I’ve been working on increasing my sensitivity to my own desires and preferences. As part of this, I’ve been working through the exercises in a book my friend Sarah recommended, called Pleasurable Weight Loss

One recent exercise was to go somewhere with great natural beauty and connect with nature. I have never in my life felt connected with growing things - cities feel vibrant, alive, and purposeful to me, plants just feel like passive items of scenery - but I had decided to try every exercise in the book, no matter how hard it seemed, and make a genuine effort to engage with the spirit of the exercise. At worst, I’d get a better sense of what made the exercise hard. So I went out to Tilden Park and attempted to find a nature trail. I almost failed, but eventually found the botanical garden, where I wandered around, and noticed a few things. Continue reading

Soma: my best friends have bodies

I recently attended the Integral Center’s Aletheia workshop, and one of the things we did was Holotropic breathwork.
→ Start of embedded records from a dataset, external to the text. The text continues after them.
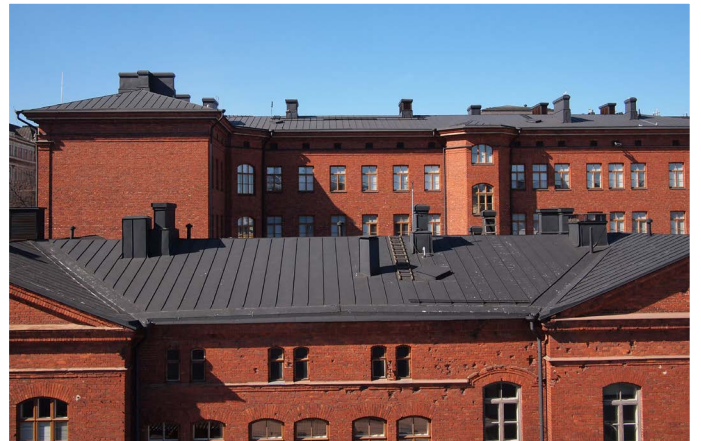
YLLÄ KAARTIN KASARMIN TOIMISTOSIIPI JA ALLA 1800-LUVUN LOPUN PUNATIILIRAKENNUKSET KUVATTUNA VUONNA 2016.
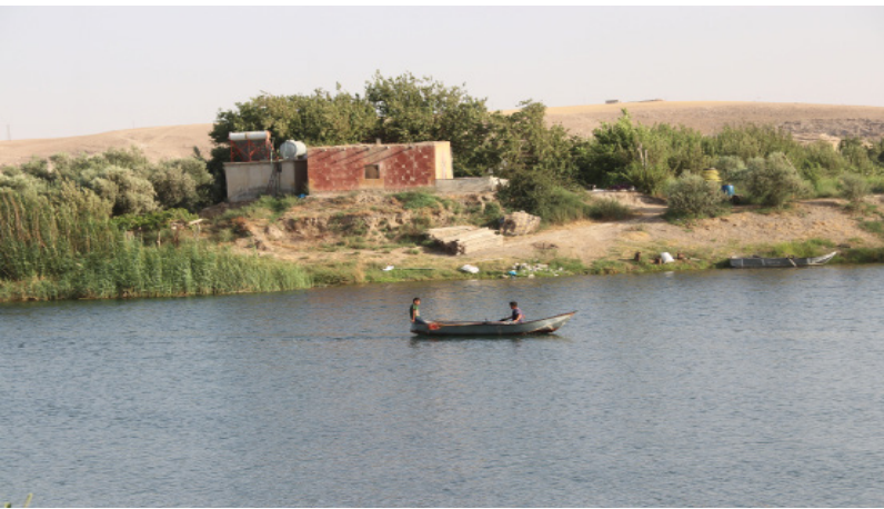
قرية جزيرة السد-الطبقة 2023 ، سبتمبر
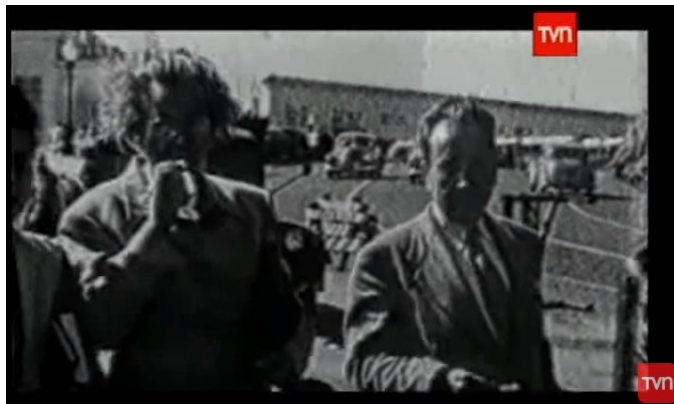
Figura 5. Captura de pantalla del documental “Grandes Chilenos”, emitido por Televisión Nacional de Chile.
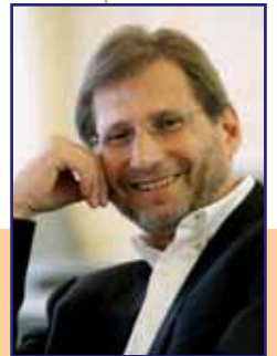
Für UNISONO beantwortete Bundesminister DR. JOHANNES HAHN Fragen zu Autonomie von Universitäten, Zugangsbeschränkungen, Frauenförderung und Hebung der AkademikerInnenquote.

Vorweg, international vergleichen wir hier Äpfel mit Birnen. Die europäischen Länder haben unterschiedliche Fachrichtungen und Berufe akademisiert, die bei uns keine akademische Ausbildung haben, etwa im Krankenhauswesen oder bei den Kindergartenpädagoginnen. Daher haben sie höhere Akademikerquoten als Österreich. Ich will die Quote erhöhen, aber nicht uferlos ohne Aussicht auf Jobs und nicht um einer Quote willen. Russland hat wohl die höchste Akademikerquote, das allein ist aber keine Garantie für einen qualitativ hochwertigen Wissenschafts- und Forschungsstandort, der im internationalen Wettbewerb bestehen will. @
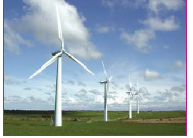
चित्रम् 1.1 पवन-पेषणी

प्राकृतिकसंसाधनानां वितरणं भू-भागकारकं जलवायुकारकम् औनत्यकारकं च इत्यादिषु विविधेषु भौतिककारकेषु आश्रयति । भू-भागे एतेषु कारकेषु वैविध्यकारणात् संसाधनानां वितरणम् असमानम् अस्ति ।
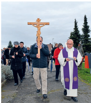
Inizio Via Crucis
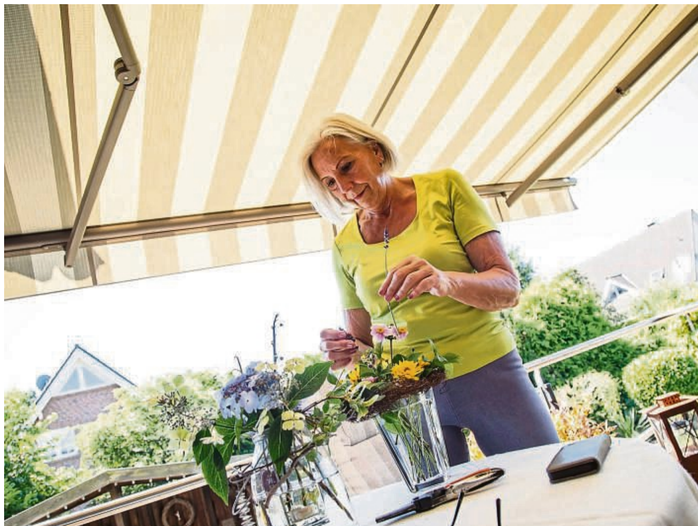
Markisen sind vor allem für Balkone oder Terrassen gedacht.

Und es gibt Alternativen: Sogenannte Raffstores etwa, also bewegliche Sonnenschutzsysteme mit Lamellen, die in der Regel aus Aluminium bestehen. Mit ihnen lässt sich der Lichteinfall gezielt steuern, weshalb Raffstores vor allem für Räume mit Südausrichtung geeignet sind: Bei entsprechender Einstellung gelangt dann dennoch Tageslicht in die Räume.

Basically you breathe very deeply, very fast, over an extended period of time. We were told that at some point it would become uncomfortable, but that if we breathed through it, we’d likely have some interesting experiences. Continue reading

Model-building about desire - a worked example

A few weeks ago, I spent a few days doing little other work than sitting and thinking about my problems. In 2012, I wouldn’t have dared do that. It would have felt like spinning my wheels. It would have felt lazy and self-indulgent. I would have expected to fail - and I would have been right. But now I can do it.
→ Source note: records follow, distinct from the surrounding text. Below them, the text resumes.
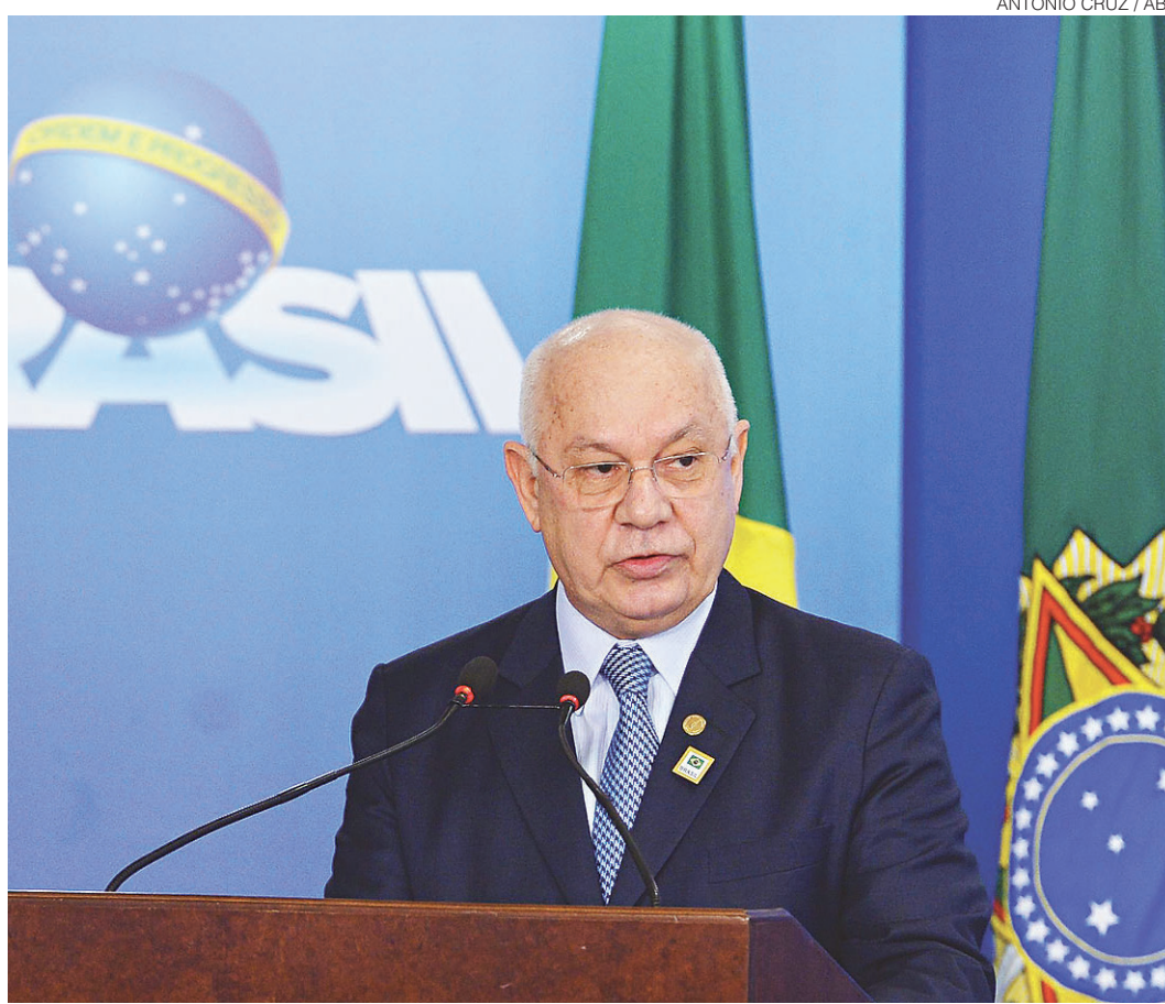
// Teori Zavascki, relator da Lava Jato no STF, autorizou diligências segunda-feira recente

No áudio gravado, e considerado inválido por Teori, Dilma promete entregar ao ex-presidente o termo de posse como ministro para que Lula usasse "em caso de necessidade". A conversa é vista por investigadores como indicativo de que a nomeação para o ministério tinha a intenção de conferir ao ex-presidente foro privilegiado e, por isso, evitar
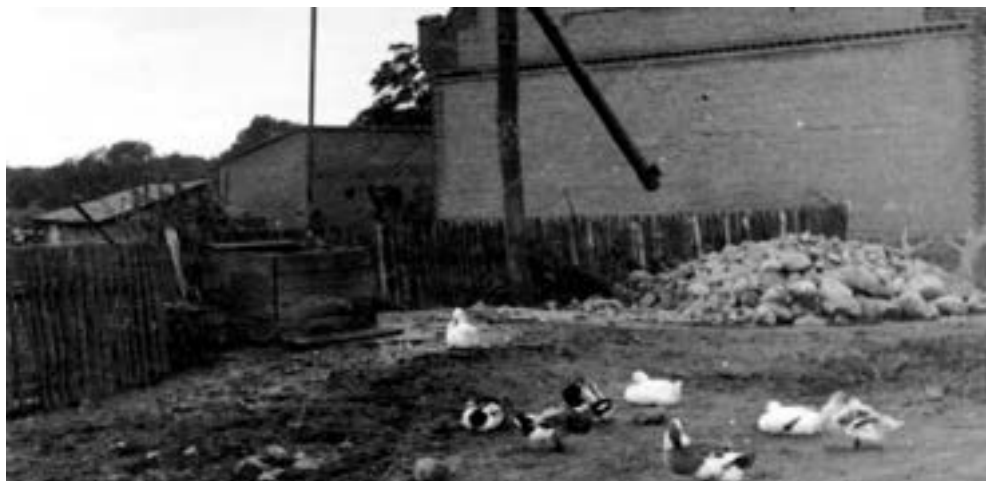
Wierzenica, studnia z żurawiem, schyłek trzydziestych XX w.
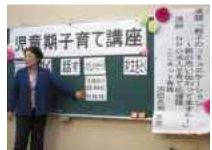
児童期子育て講座

「児童期子育て講座」では、就学時健診の際に、新入生保護者を対象として行いました。小学校入学を控え、環境の変化から心身の変化も予想される時期を乗り越えるため、親子でのコミュニケーションのとり方について学びました。
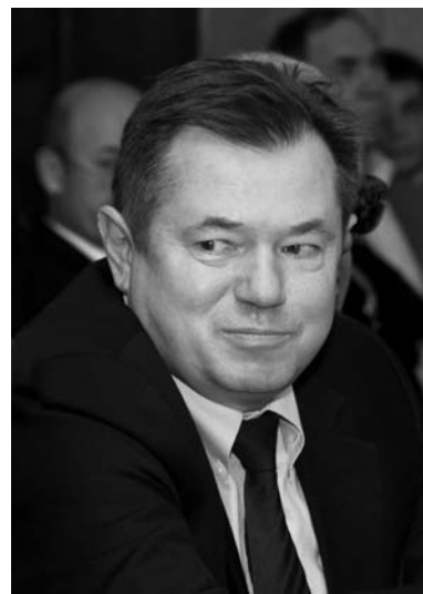
S.Yu. Glaziev is giving his speech Выступает С.Ю. Глазьев

Участники конференции: руководители Евразийской экономической комиссии, министерств и ведомств, регионов, финансовых организаций и высших учебных заведений, эксперты, представители государственных структур, бизнес-сообщества Российской Федерации и Республики Казахстан.
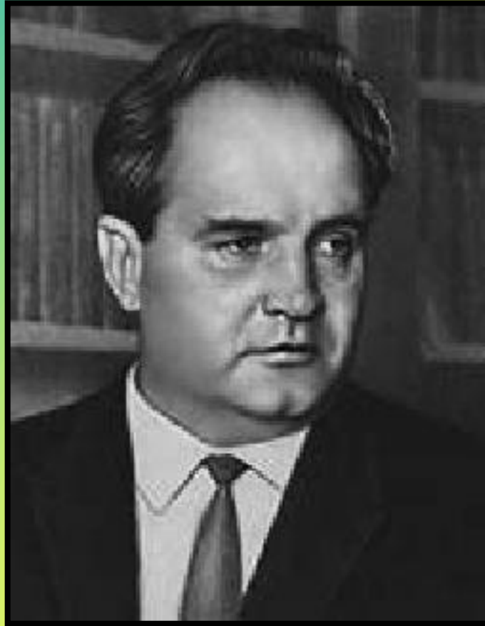
Сергей Сергеевич Наровчатов

В честь какого знаменитого академика названа одна из улиц города?
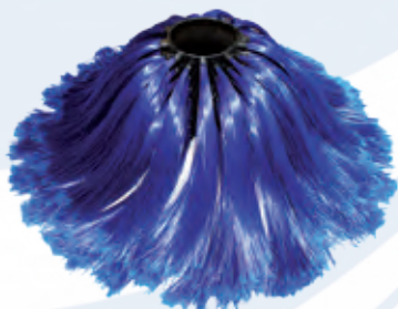
spazzola in polietilene alta densità high density polyethylene brush

EASYWASH 300 is equipped with a tilting facility, therefore the brush always perfectly fits the surface to be cleaned.
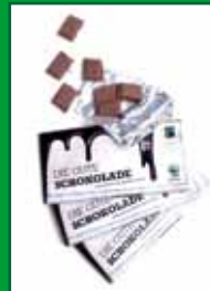
«Le bon chocolat» vendu actuellement en Allemagne, Autriche et Suisse
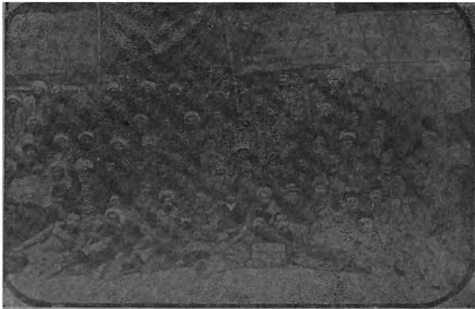
Кокандское автономное правительство.
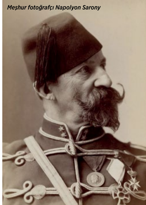
Meşhur fotoğrafçı Napolyon Sarony

George Eastman bütün bu girişimlerini taçlandırmak üzere 1922'de ayrıca Rochester Filarmoni Orkestrası'nın kurulmasını sağladı. Bu orkestranın başına 1923'te İngiliz orkestra şefi ve besteci Eugene Goossens getirildi. Fritz Reiner, Sir Thomas Beecham, Serge Koussevitzky, Aaron Copland, Leonard Bernstein ve Leopold Stokowski gibi meşhur şef ve besteciler de Eastman'ın kurduğu orkestrayı idare eden maestro'lar arasında yer alacaktı.
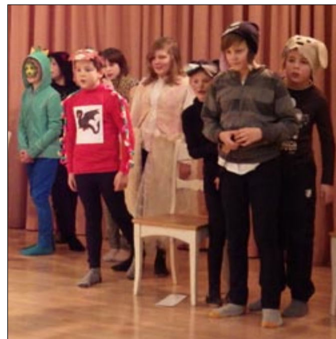
Sõmerpalu kooli õpilased karnevalil võistlushoos.

Mängisime ka ringmänge ja lõpuks tantsisime. Oli väga vahva karneval.

The difference is that I’ve practiced structured thinking, or model-building. Rather than talk a lot about what that is, I’m going to work through an example. Continue reading

Social trade

Social mercantilism

Recently I noticed that my model of social capital is fundamentally mercantilist, and that's pretty dumb. I seem to be trying to maintain a favorable balance of trade, trying to earn social capital through meeting others' needs, and trying to minimize the extent to which I "spend down" this capital. I have a tendency to spend down my real capital to accumulate social credit. This may often be counterproductive because most social currencies depreciate rapidly, and if instead I asked for help in ways that built up personal real capital (e.g. skills growth, introductions, etc.), I'd be in a better future position to trade for what I need. The obvious next move here is to figure out where I should be investing in myself instead of piling up social credit. Continue reading

The Apgar of crushes

UPDATE: I think I have enough data to definitively conclude that this list doesn't work. This has strengthened my sense that "crush" isn't used consistently, and that it's an anticoncept that obscures what people really mean. Some attributes I left out seem to have to do with excitement, fear, and intrusive thoughts.
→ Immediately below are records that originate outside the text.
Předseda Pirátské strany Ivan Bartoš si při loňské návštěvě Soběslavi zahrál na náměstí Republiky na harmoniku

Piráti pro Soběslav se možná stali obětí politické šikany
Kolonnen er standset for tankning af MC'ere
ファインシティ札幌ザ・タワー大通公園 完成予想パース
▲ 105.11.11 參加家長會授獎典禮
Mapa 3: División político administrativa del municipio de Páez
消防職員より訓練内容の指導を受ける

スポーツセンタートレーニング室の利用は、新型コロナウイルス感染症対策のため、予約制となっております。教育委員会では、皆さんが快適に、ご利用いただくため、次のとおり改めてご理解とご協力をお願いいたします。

I don’t have one of those secret Facebook groups for people one has a crush on, for reasons similar to why I don’t celebrate International Tell Your Crush Day. However, I did happen to participate in a recent discussion about crushes, and mentioned my proposed replacements for the concept - the same ones I proposed in that blog post:

You enjoy their conversation or company.

You admire one of their character traits.

They are nice to look at.

They are so beautiful it literally hurts to look at pictures of them.

You feel comfortable and safe around them.

They turn you on.

You feel like they understand you.

If they ever truly needed your help, you would want to drop everything to take care of them.

To my surprise and slight chagrin, people interpreted this not as an attempt to taboo “crush” entirely and replace it with more precise language, but to provide a working definition of the term. A couple of people suggested that a good working definition of a crush might be someone who satisfies three or more of these criteria. I’m going to roll with this, and propose this as an Apgar-style test for crushes.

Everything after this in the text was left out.